Prospective pleural tumor cell collection and isolation

Fluid isolated from the pleural cavity was collected directly after drainage from patients at the University Medical Center Utrecht and the Netherlands Cancer Institute in Amsterdam. The cells in the pleural effusions were isolated by centrifugation, the erythrocytes were lysed (erythrocyte lysis buffer [pH 7.4]: 75 mm NH4Cl, 5 mm KHCO3, 400 μL 500 mm EDTA, and 500 mL ddH2O), and the remaining cells were either formalin‐fixed and paraffin‐embedded (Cellient; Hologic, 40180I10D0), or cryo‐stored at −80 °C (DMSO).
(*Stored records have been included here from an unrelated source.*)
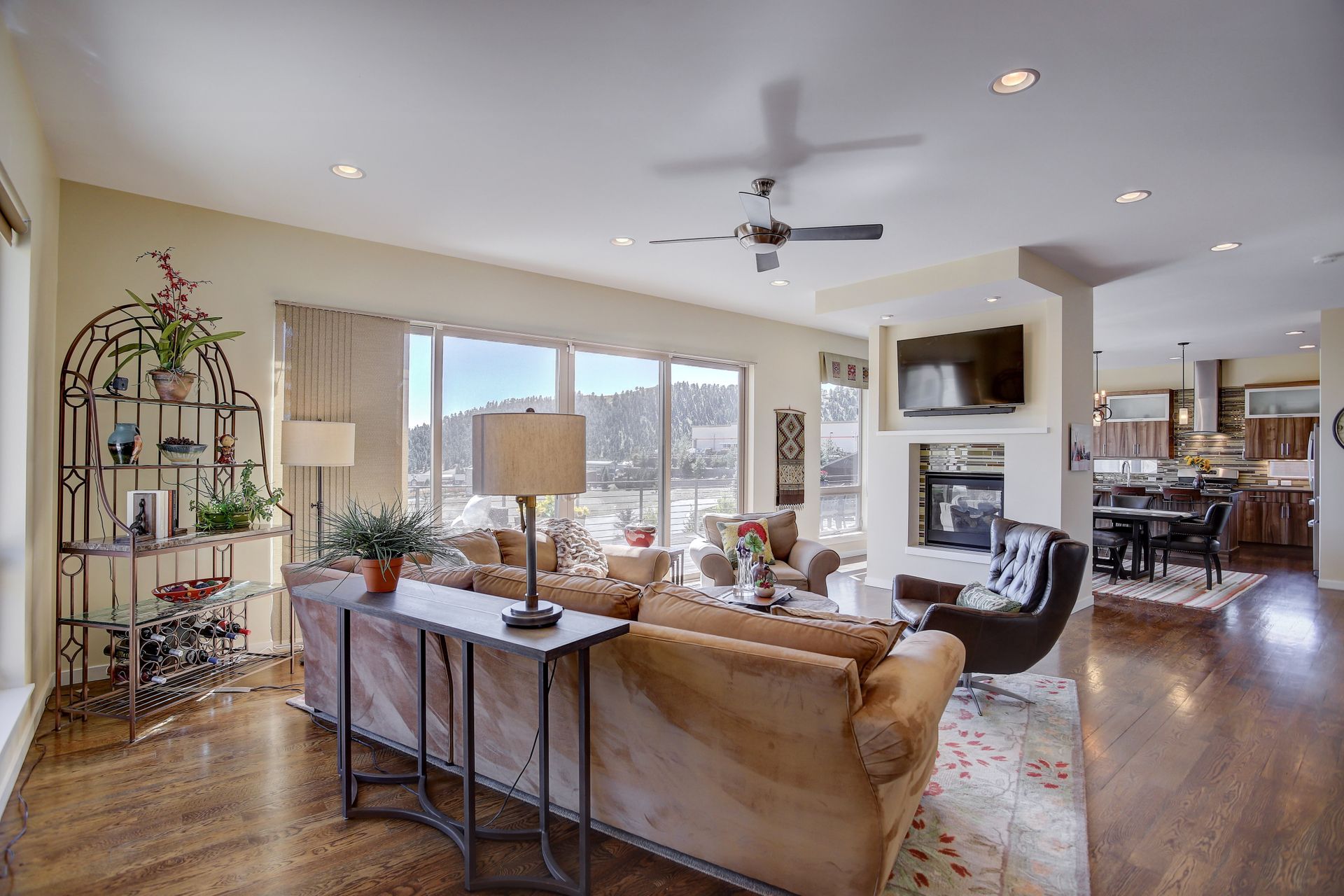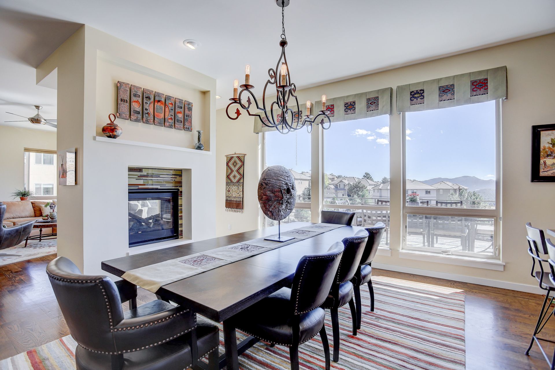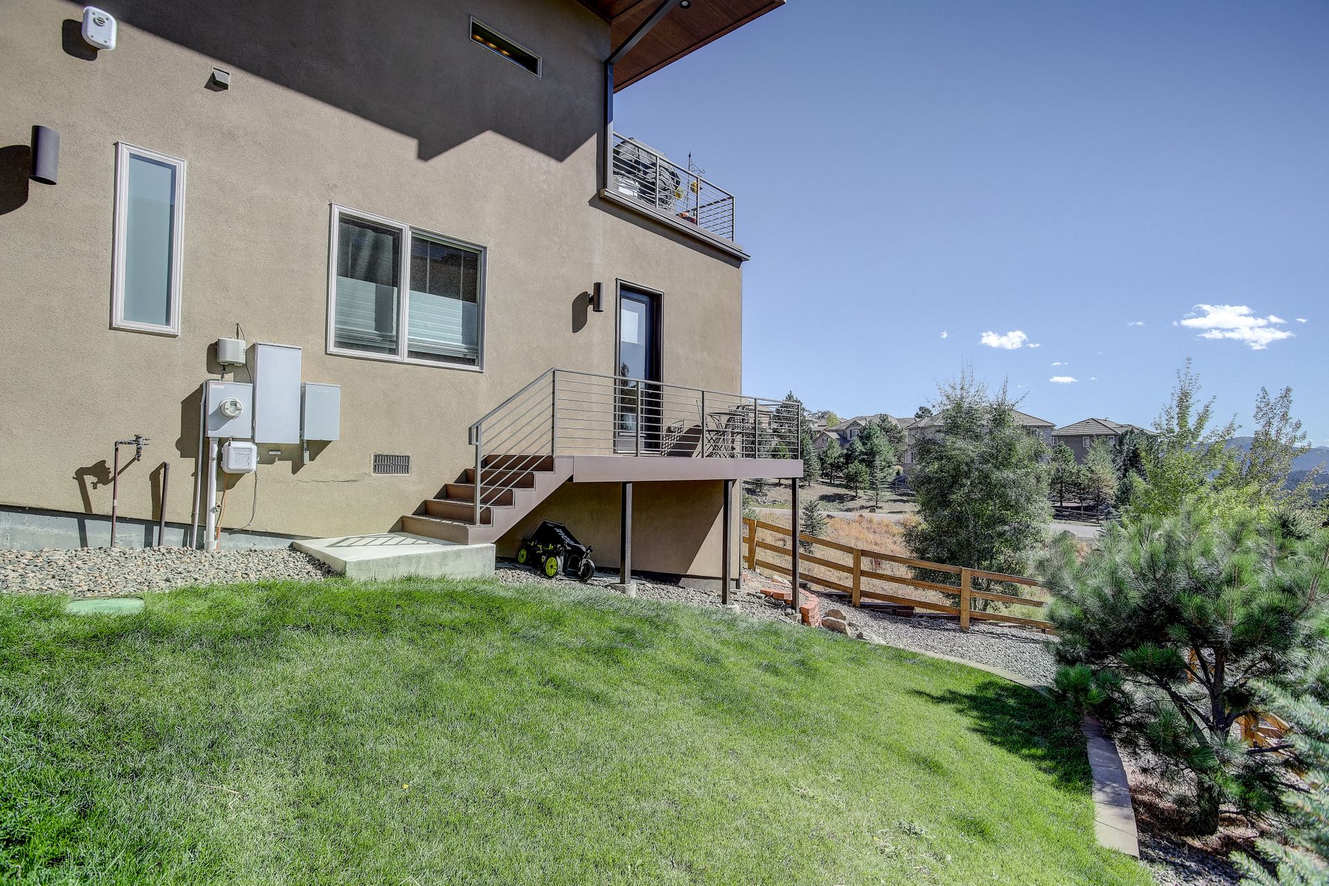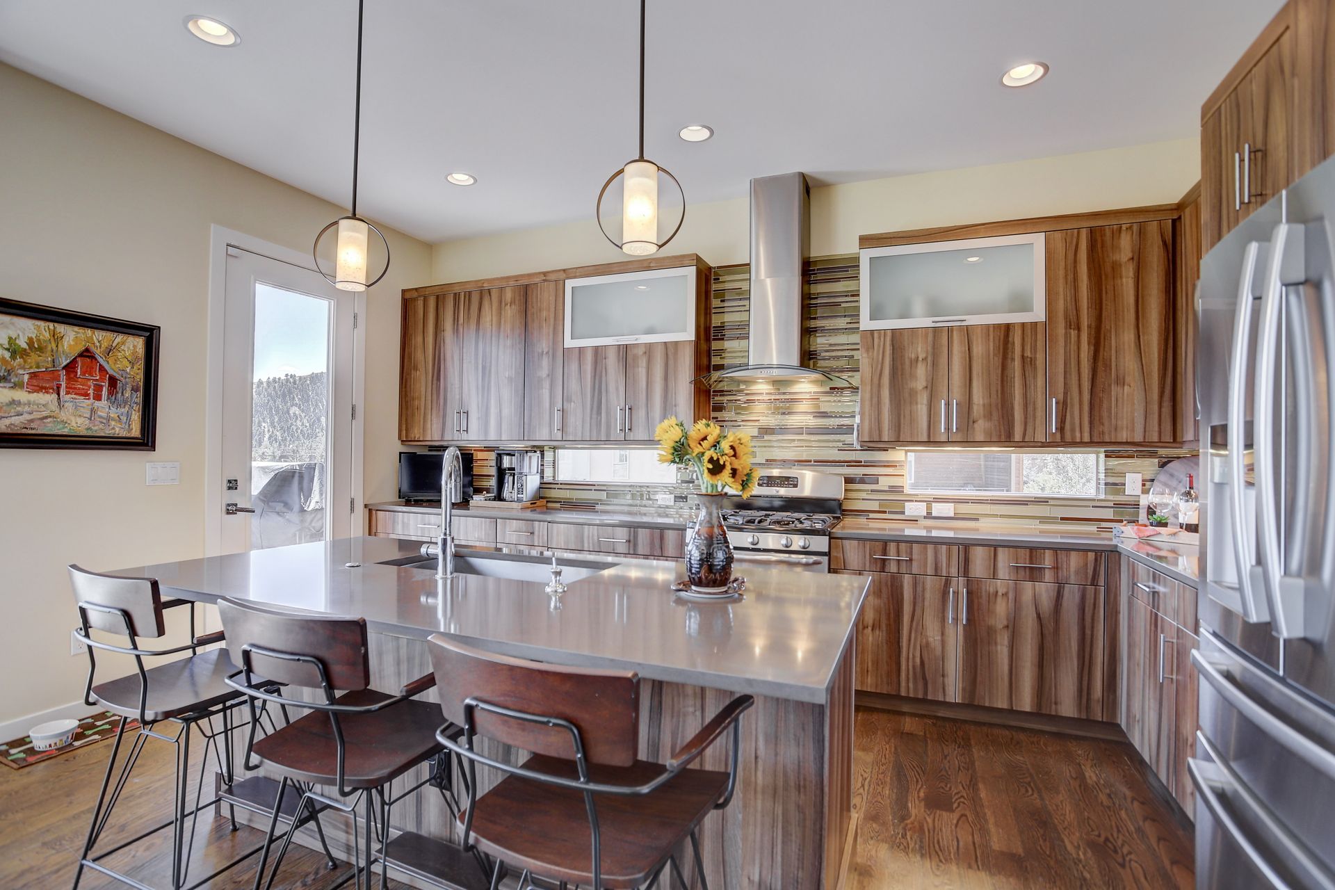 A chic urban townhome with the joys of mountain living–views, easy access to I-70 and all Evergreen has to offer. This exquisitely maintained home has a second story open floor plan featuring hard wood floors, floor to ceiling windows with mountain views and a gorgeous modern kitchen with stainless appliances and quartz countertops. Experience the sunrise and mountain breezes when you exit out onto the outstanding deck to dine or relax. On the third level, a gracious primary suite with a private deck and a spa-like bath including a free-standing tub and two separate vanities and closets. Two bedrooms–one presently an office showcasing the fabulous view, custom office built-ins– a shared bath and a laundry closet complete this floor. Take the stairs to the fourth level deck for peace, quiet and 180° views of the stars-wired and structured for a hot tub. The first floor has a welcoming entry, a fourth bedroom, a beautiful, updated bath and an additional living space with great views, perfect for TV, exercise, music, whatever you want or need. You can head out to a fenced-in, just the right size landscaped yard. This level has newly installed heated tile floors in the entry and bath and new elegant, forced air registers in the living space.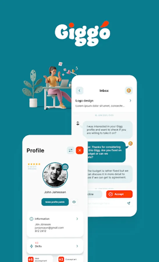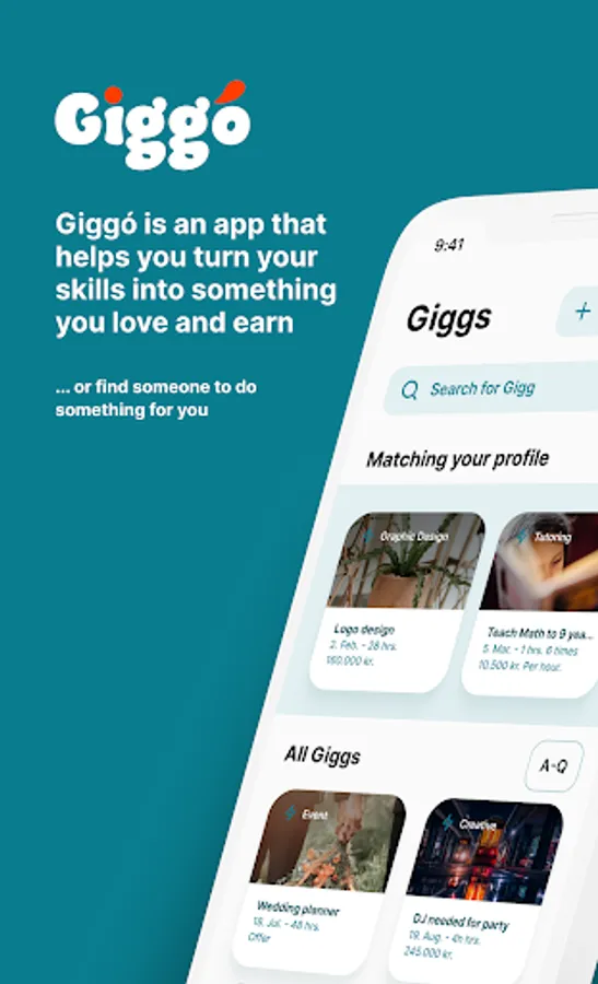 Giggó is your app for temporary work, whether you're looking for a helping hand or some extra income. You can post ads for a gig (a short-term job) or offer your service as a gigster (freelancer).
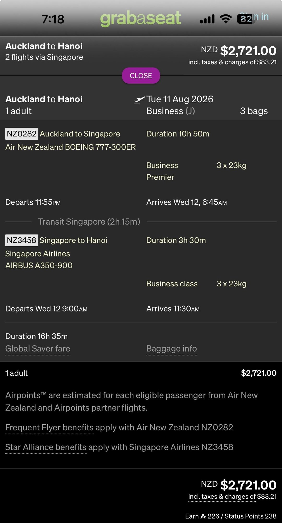 Or when I booked AKL-SIN-HAN last week, it was $400 cheaper than just flying AKL-SIN on the same flight.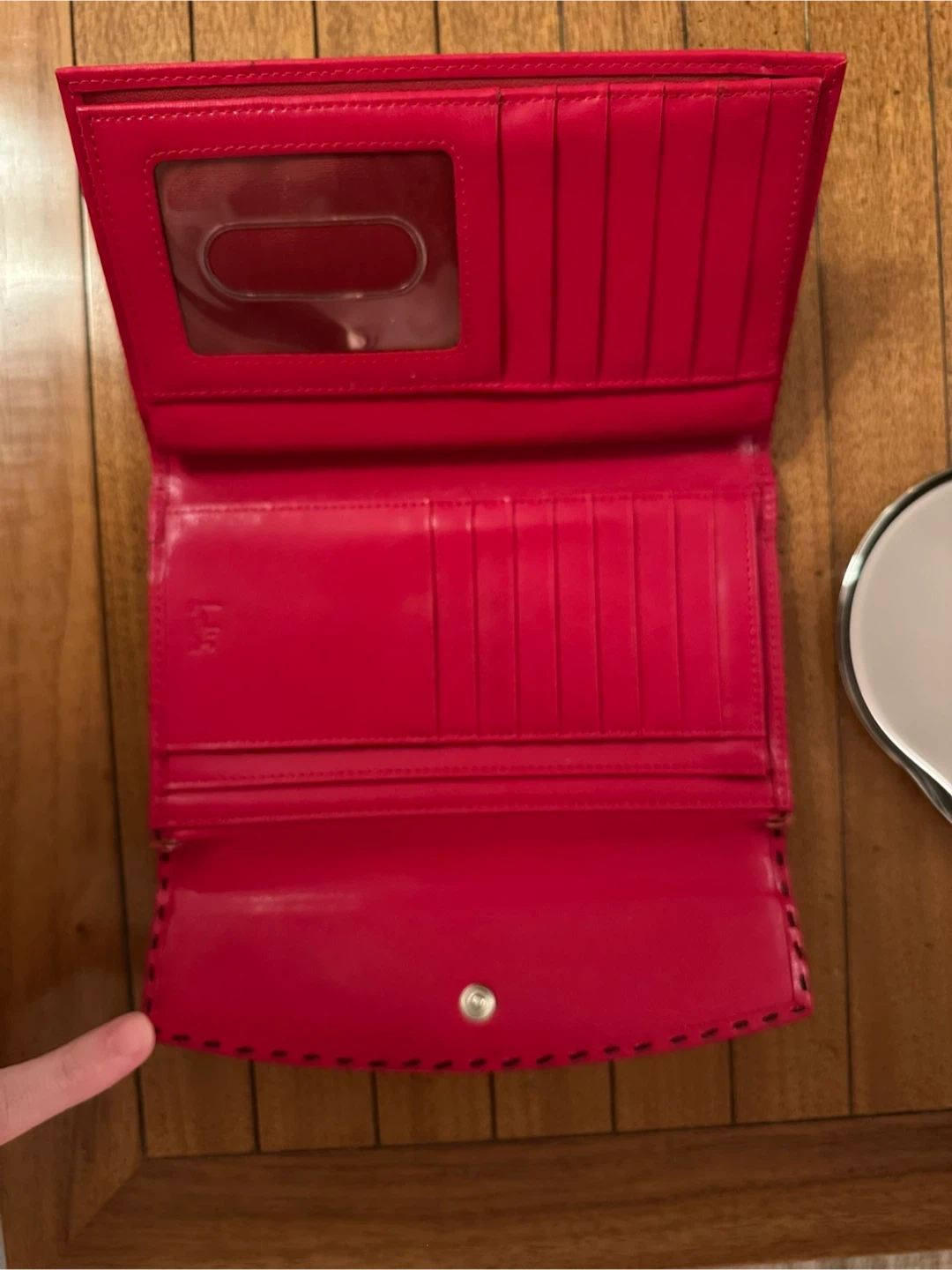 Selling a vintage Lodis wallet in red leather! It has a snap closure and plenty of space for cards and cash. Perfect for everyday use! Some slight wear on the interior, but never used !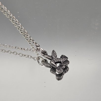 Silver Tone Chain Hummingbird Charm Necklace ~16”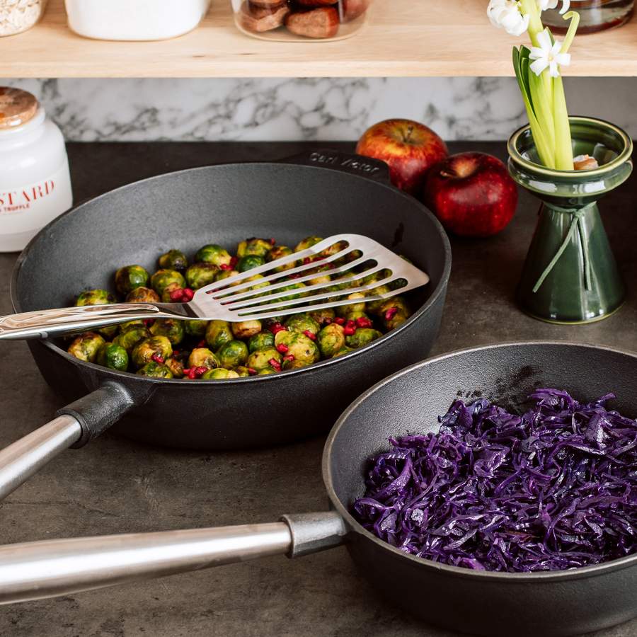 Rosenkål får nytt liv når den stekes gyllenbrun i smør og rundes av med honning og et hint av chili. Dryss over granateplekjerner før servering – det gir både et friskt løft og et lekkert, julete preg. Perfekt som et moderne og friskt innslag på julebordet.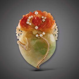 realizzato in giada incisa, con struttura in oro giallo 18kt, impreziosito da diamanti taglio brillante per ct 0.80 circa, dim. cm 4x6 circa, gr. 60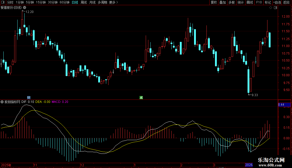 输出DIF:收盘价的12日指数移动平均-收盘价的26日指数移动平均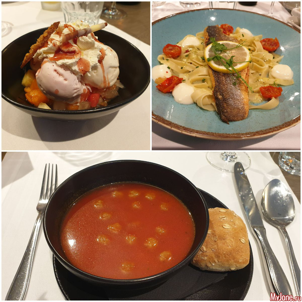 Томатный суп с фрикадельками / Запеченный морской окунь / Фруктовый сорбет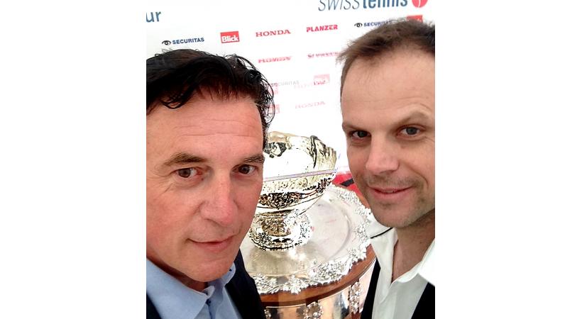 Tennis Club Eaux-Vives - 20 mai 22.05.15 Précédent Suivant Retour Première sortie publique de la Coupe Davis, pour la joie du capitaine de l'équipe suisse de tennis Séverin Lüthi (à dr.) et Gérald Follonier, administrateur-délégué de FirstCaution.

Original diagnoses were made between 2014 and 2017.

Tissue processing

Immunohistochemical staining was performed on both pleural effusion samples and tissue microarrays (TMAs) (Jiwa et al., 2014) from 97 primary tumors and paired solid metastases. Three core biopsies (0.6 mm in diameter) of histologically representative regions of each tumor were used to construct the TMAs. For each FFPE sample, hematoxylin–eosin‐stained slides of the paraffin blocks were reviewed by an experienced breast pathologist (PJvD) to confirm the presence of malignancy. For the pleural effusions, only samples containing at least 20 tumor cells were selected. Ber‐EP4 monoclonal antibody staining (Epcam, 1 : 40, CCI24, DAKO) that labels epithelial tissues, but does not react with mesothelial cells, was used to confirm presence and quantity of tumor cells in the effusions. Due to loss of cores or not enough tumor cells left in the cores, 81/97 cases could be used for the final analyses.

This study was performed in accordance with the institutional medical ethical guidelines. The use of anonymous or coded leftover material for scientific purposes is part of the standard treatment agreement with patients, and therefore, informed consent was not required according to Dutch law (van Diest, 2002) for patients not actively opting out.

Immunohistochemical analyses

Sections of 4 μm were cut from the FFPE blocks of the pleural effusions, their primary breast tumors (if available), and the TMAs. IHC was performed with the Ventana autostainer (Roche, Tucson, Arizona, USA) according to the manufacturer's instructions. Mouse monoclonal antibodies used were against ERα (RTU, SP1; Roche, Tucson, USA), FOXA1 (1 : 100 000, WMAB‐2F83, Seven Hills Bioreagents), GATA3 (1 : 300, 5852 Cell Signaling Technology, Bioke), and Ber‐EP4 (Epcam, 1:40, CCI24, DAKO). Appropriate controls were used throughout.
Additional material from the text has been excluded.